The Minister of Defence, Mr Dominic Nitiwul, has stated that the deployment of the military to the Volta Region was to support the Ghana Immigration Service (GIS) to enforce the closure of borders directive as part of efforts to control the spread of the coronavirus disease (COVID-19).
Responding to claims that the government had deployed the military to intimidate residents of the region and prevent them from participating in the upcoming new voters registration exercise, the minister explained that the military men had been deployed to secure all borders of the country.
At a press conference in Accra yesterday, Mr Nitiwul explained that the country had about 53 recognised routes, while 250 unrecognised routes had been identified.
According to him, since the closure of the border, about 5,000 people had been arrested by the GIS.
Most of the arrested persons had tested positive for COVID-19 and that had contributed to the surge in the number of infected persons in the country, Mr Nitiwul stated.
Securing the borders
In an attempt to curtail the trend, he said it became imperative for the government to enhance security at the country’s borders by deploying the military.

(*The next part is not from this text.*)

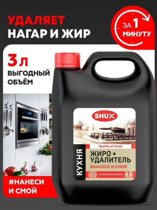Бутылка целая пришла, без подтеков, крышка надежно закручивается. Раствор без осадка, однородный, но лучше на кожу, чтобы не попадало средство - сушит сильно. А так духовка, казан, гриль и прочее - от жира и нагара хорошо отмывает средство.

“These military men are not there to intimidate anyone, they are only protecting our borders and that is a right thing to do to ensure that the country is safe from any importation of the virus,” the minister stressed.
“If anyone has to be prevented from voting, there is a procedure for that and the military does not play any role in that,” the minister stressed.
The Minority in Parliament and the Volta Regional Branch of the National Democratic Congress (NDC) have accused the government of deploying military personnel along the country’s borders in the Volta, Oti and the Northern regions to intimidate residents.
Former President Jerry John Rawlings, in a statement, said the presence of the security personnel was generating animosity, especially, among innocent citizens whose basic way of life was being disrupted.
Former President John Dramani Mahama also said the deployments were creating panic and anxiety among residents of the various regions who had no doubt that it had been done as part of a larger strategy to intimidate them and prevent them from taking part in the registration exercise which starts today.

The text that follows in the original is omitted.